(Stored data)
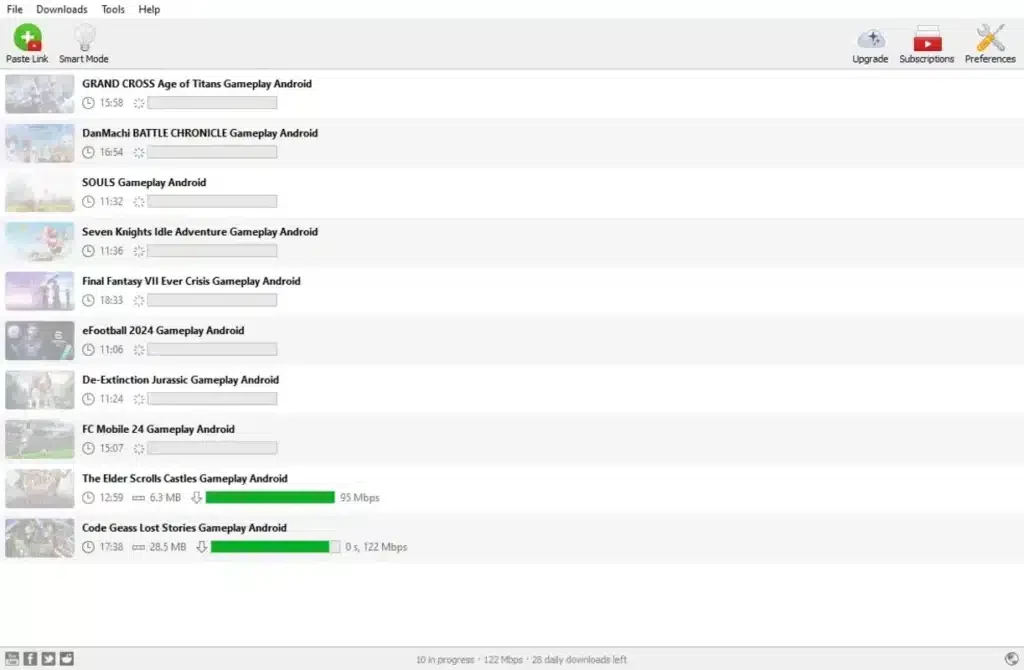 Anda akan menemukan daftar lengkap platform media sosial pendukung yang dapat Anda gunakan untuk mengunduh video . Anda dapat berlangganan kanal atau daftar putar favorit untuk mengunduh video dengan cepat. Anda dapat mengunduh video dari YouTube, Dailymotion, Tumblr, Instagram, Facebook, X (Twitter) , Vimeo, dll. Anda juga memiliki opsi untuk memecah berkas video besar menjadi beberapa bagian yang dapat diunduh untuk mengunduh video besar favorit Anda dengan mudah.
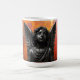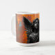 Eine glänzend schwarz-obsidian-glänzende Engelstatue mit zarten Flügeln und lebhaften blauen Augen sieht nach oben vor einem leuchtend orangefarbenen, gesprenkelten Hintergrund im kühnen Kontrast, der eine dramatische gotisch-barocke Stimmung für Fantasy-Fans, spirituelle Dekorliebhaber und auffallende Tasse- oder Textildesigns schafft.
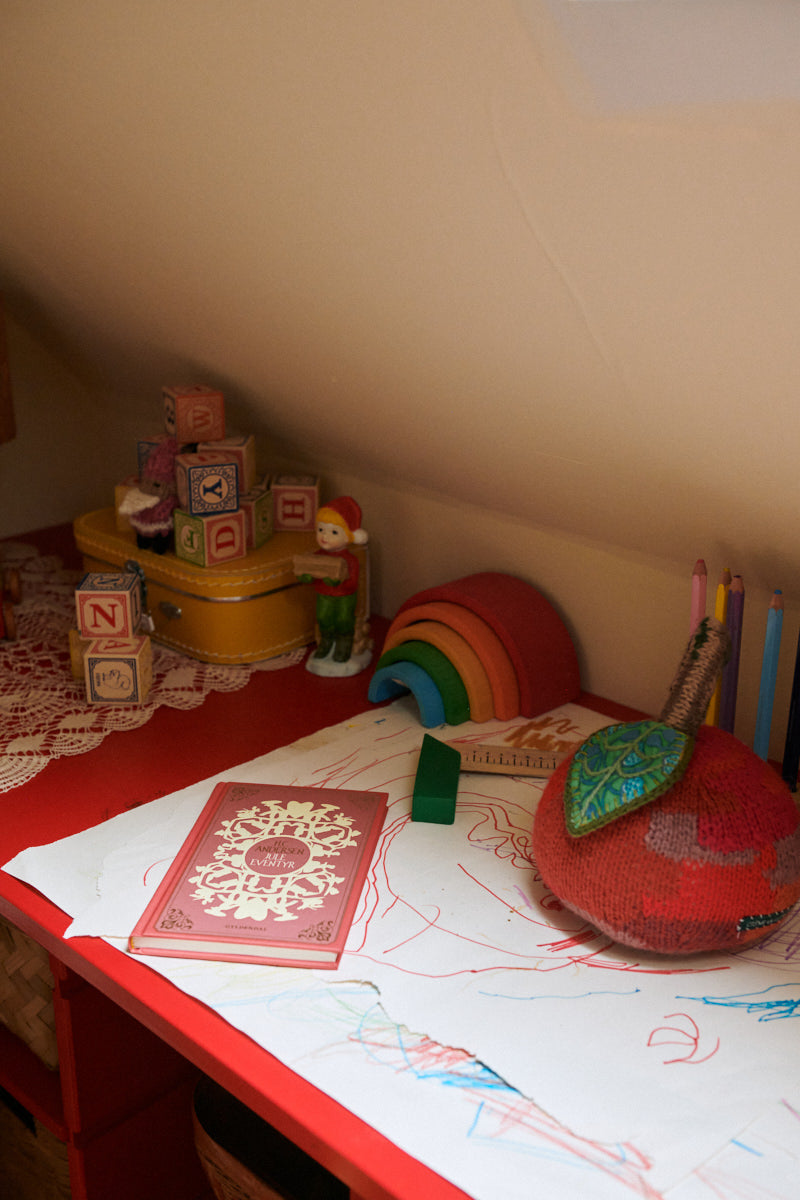 The most wonderful knitted apple from the whimsical world of Helle Høgsbro Krag, owner of the Danish brand Creme de la Creme alà Helle.
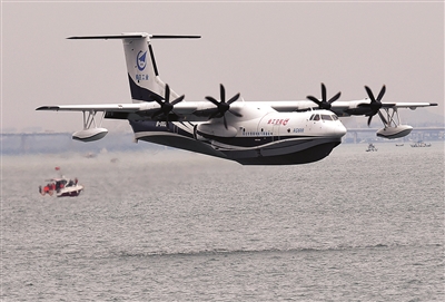 7月26日,水陆两栖飞机AG600在海上飞行。
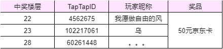 以下为本期活动中奖名单,恭喜冒险者大大中奖啦,请在7个工作日内添加Q群:873132565 进行领奖,过期将视为放弃领奖资格~
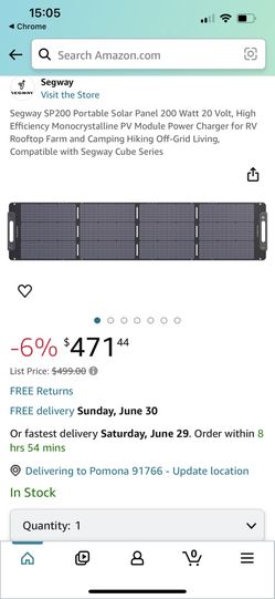 Segway SP200 Portable Solar Panel 200 Watt 20 Volt, High Efficiency Monocrystalline PV Module Power Charger for RV Rooftop Farm and Camping Hiking Off$239Rosemead, CA
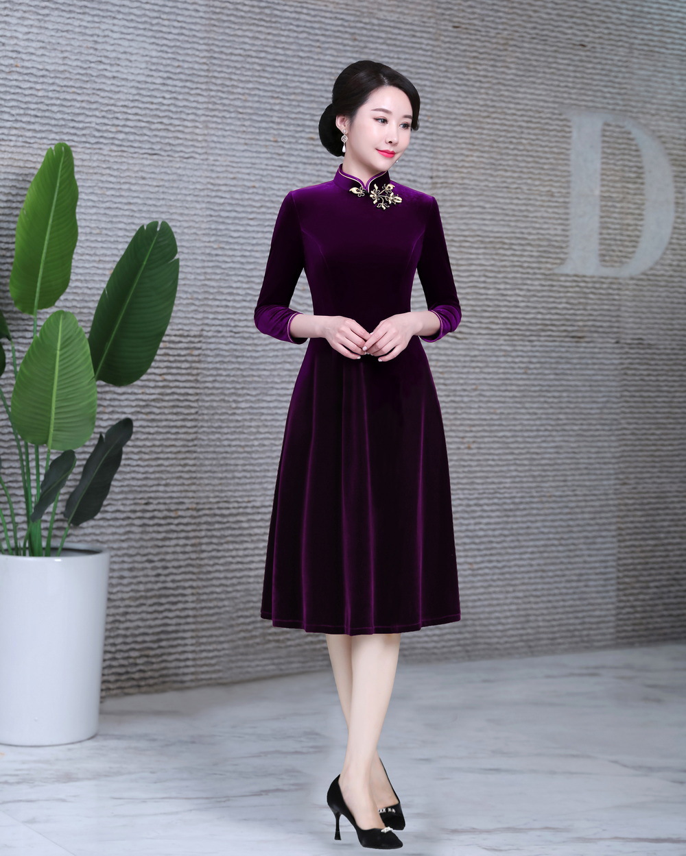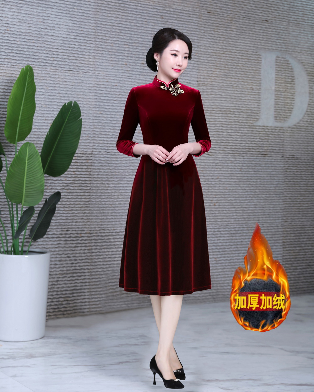 Новое улучшенное платье-ципао в стиле ретро из корейского бархата с длинными рукавами и широкой юбкой для молодых женщин, удлиненный крой, коллекция Осень/Зима 2025
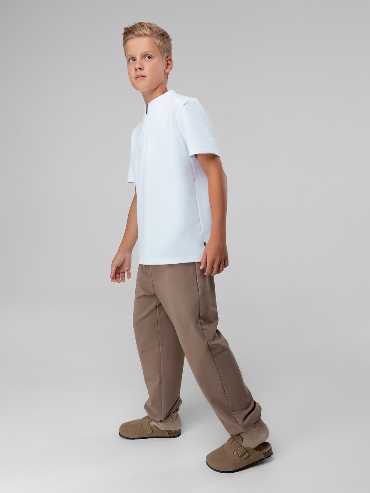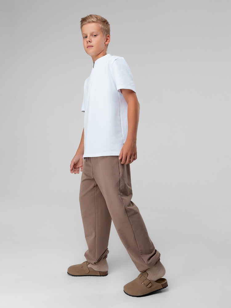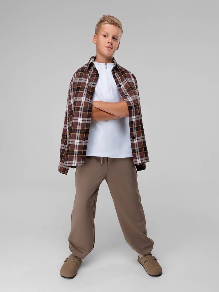 Материал футер двухнитка Состав 92% хлопок 8% лайкра Брюки спортивные для детей школьного возраста. Брюки прямые свободные на притачном поясе с внутренней резинкой. Низ брюк с цельнокроеной манжетой на резинке. Брюки с боковыми карманами.
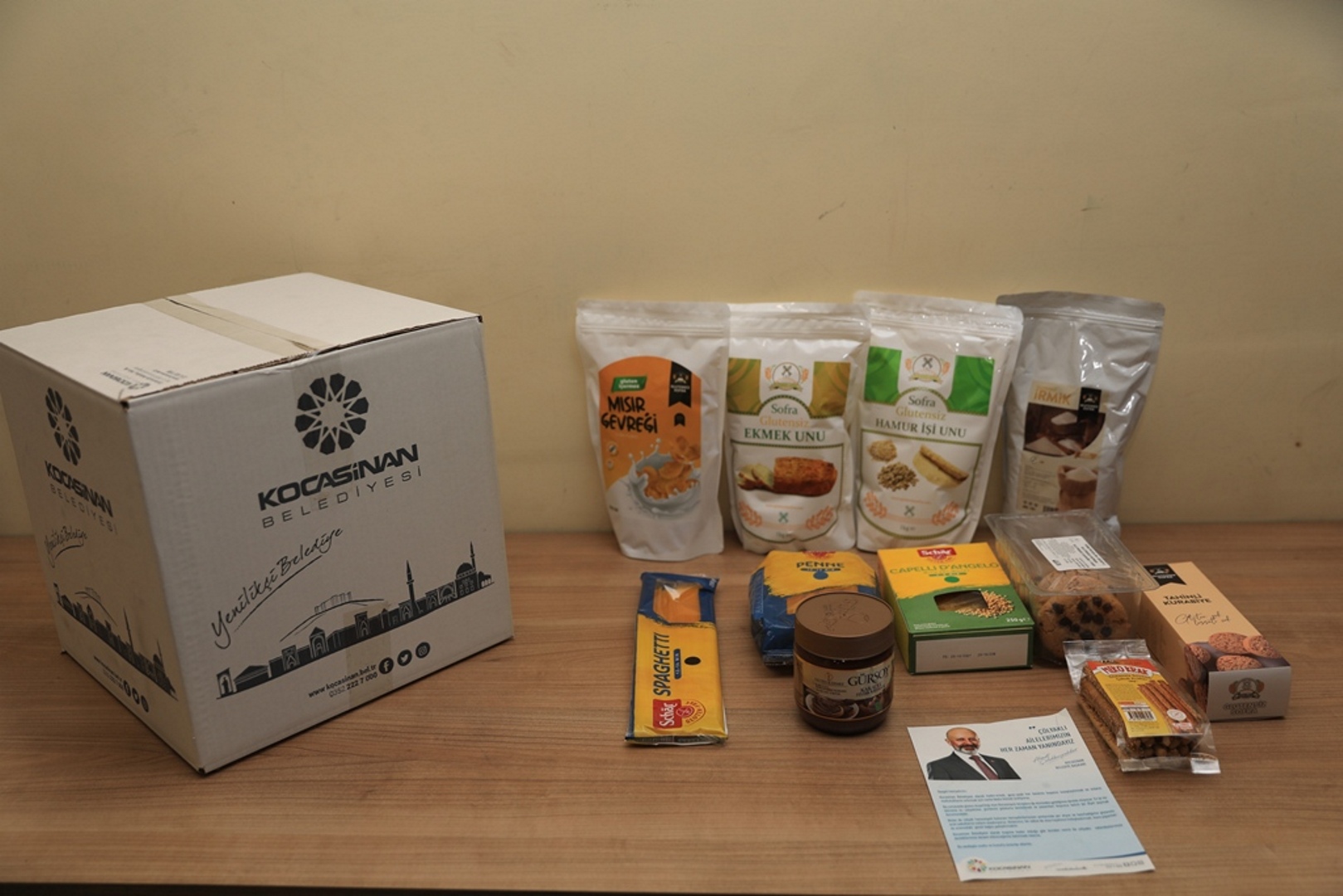 Öte yandan Kocasinan Belediyesi Sosyal Yardım İşleri Müdürlüğü tarafından hazırlanan glütensiz paketlerin içerisinde; kek unu, hamur işi unu, nişastalı karışım, kakaolu çıtır top, burgu makarna, spagetti, şehriye, köftelik bulgur, fındık ezmesi, portakallı mini kek ve susamlı çubuk kraker yer alıyor.
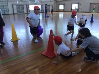特別支援学級の体育では、イメージどおりに体を動かすことができるようにトレーニングを積んでいます。
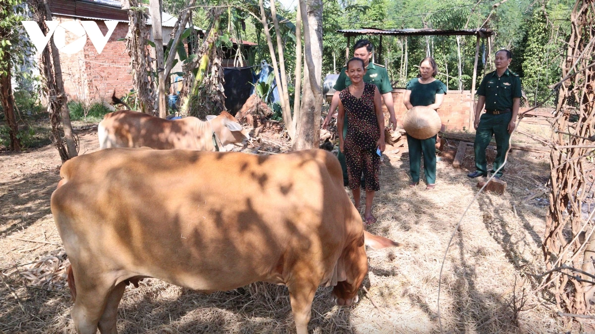 Chị Nguyễn Thị Hồng Khánh (xã Đắc Ơ, huyện Bù Gia Mập cũ) không giấu được niềm vui khi được hỗ trợ sinh kế: “Bộ đội Biên phòng Đắc Ơ đã hỗ trợ gia đình tôi một con bò giống để phát triển kinh tế. Sau một năm, con bò đã sinh sản. Gia đình cũng rất vui, rất mừng vì đã bớt khó khăn, phát triển kinh tế dù không có đất canh tác, phải chăn nuôi”.
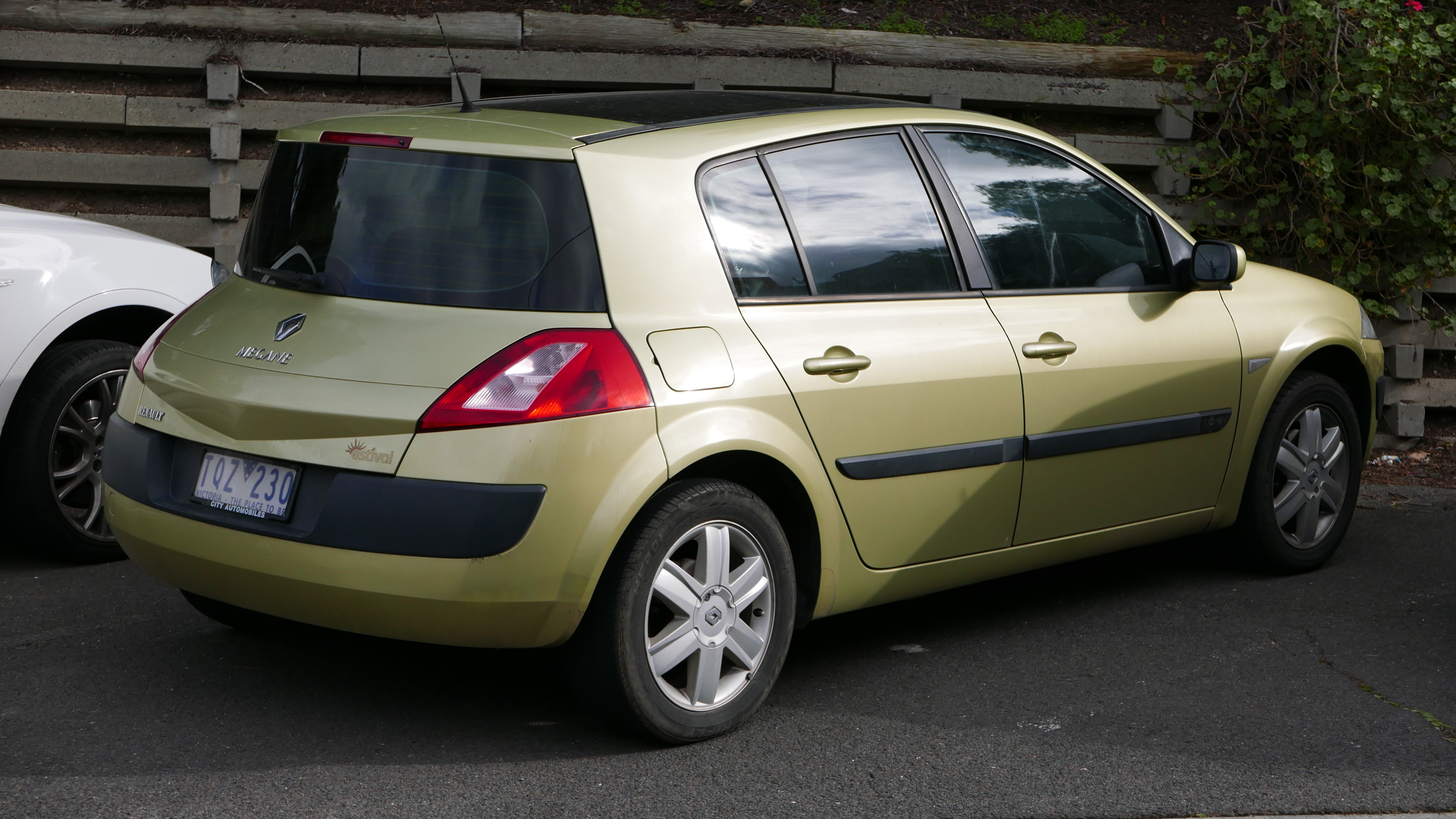 2002년 9월에 2003년형 모델로 출시되어 새로운 시작을 알렸다.[16] 이전 세대와는 디자인 유사성이 거의 없었으며, 아방타임에서 처음 선보인 르노의 새로운 디자인 언어에서 영감을 받았다. 특히 해치백 모델은 거의 수직으로 선 리어 윈도우와 돌출된 테일 게이트 등 독특한 후면 디자인이 특징이었다.[75] 2세대부터 차명의 표기 방식이 소문자 'Megane'에서 대문자를 사용하고 그리스 문자 풍으로 디자인된 'MEGΛNE'으로 변경되었다.[76]

● **WORK REQUIRED**:
Every line of the data above should be returned exactly, with the pictures removed.

● **ANSWER BELOW**:
 Anda akan menemukan daftar lengkap platform media sosial pendukung yang dapat Anda gunakan untuk mengunduh video . Anda dapat berlangganan kanal atau daftar putar favorit untuk mengunduh video dengan cepat. Anda dapat mengunduh video dari YouTube, Dailymotion, Tumblr, Instagram, Facebook, X (Twitter) , Vimeo, dll. Anda juga memiliki opsi untuk memecah berkas video besar menjadi beberapa bagian yang dapat diunduh untuk mengunduh video besar favorit Anda dengan mudah.
 Eine glänzend schwarz-obsidian-glänzende Engelstatue mit zarten Flügeln und lebhaften blauen Augen sieht nach oben vor einem leuchtend orangefarbenen, gesprenkelten Hintergrund im kühnen Kontrast, der eine dramatische gotisch-barocke Stimmung für Fantasy-Fans, spirituelle Dekorliebhaber und auffallende Tasse- oder Textildesigns schafft.
 The most wonderful knitted apple from the whimsical world of Helle Høgsbro Krag, owner of the Danish brand Creme de la Creme alà Helle.
 7月26日,水陆两栖飞机AG600在海上飞行。
 以下为本期活动中奖名单,恭喜冒险者大大中奖啦,请在7个工作日内添加Q群:873132565 进行领奖,过期将视为放弃领奖资格~
 Segway SP200 Portable Solar Panel 200 Watt 20 Volt, High Efficiency Monocrystalline PV Module Power Charger for RV Rooftop Farm and Camping Hiking Off$239Rosemead, CA
 Новое улучшенное платье-ципао в стиле ретро из корейского бархата с длинными рукавами и широкой юбкой для молодых женщин, удлиненный крой, коллекция Осень/Зима 2025
 Материал футер двухнитка Состав 92% хлопок 8% лайкра Брюки спортивные для детей школьного возраста. Брюки прямые свободные на притачном поясе с внутренней резинкой. Низ брюк с цельнокроеной манжетой на резинке. Брюки с боковыми карманами.
 Öte yandan Kocasinan Belediyesi Sosyal Yardım İşleri Müdürlüğü tarafından hazırlanan glütensiz paketlerin içerisinde; kek unu, hamur işi unu, nişastalı karışım, kakaolu çıtır top, burgu makarna, spagetti, şehriye, köftelik bulgur, fındık ezmesi, portakallı mini kek ve susamlı çubuk kraker yer alıyor.
特別支援学級の体育では、イメージどおりに体を動かすことができるようにトレーニングを積んでいます。
 Chị Nguyễn Thị Hồng Khánh (xã Đắc Ơ, huyện Bù Gia Mập cũ) không giấu được niềm vui khi được hỗ trợ sinh kế: “Bộ đội Biên phòng Đắc Ơ đã hỗ trợ gia đình tôi một con bò giống để phát triển kinh tế. Sau một năm, con bò đã sinh sản. Gia đình cũng rất vui, rất mừng vì đã bớt khó khăn, phát triển kinh tế dù không có đất canh tác, phải chăn nuôi”.
 2002년 9월에 2003년형 모델로 출시되어 새로운 시작을 알렸다.[16] 이전 세대와는 디자인 유사성이 거의 없었으며, 아방타임에서 처음 선보인 르노의 새로운 디자인 언어에서 영감을 받았다. 특히 해치백 모델은 거의 수직으로 선 리어 윈도우와 돌출된 테일 게이트 등 독특한 후면 디자인이 특징이었다.[75] 2세대부터 차명의 표기 방식이 소문자 'Megane'에서 대문자를 사용하고 그리스 문자 풍으로 디자인된 'MEGΛNE'으로 변경되었다.[76]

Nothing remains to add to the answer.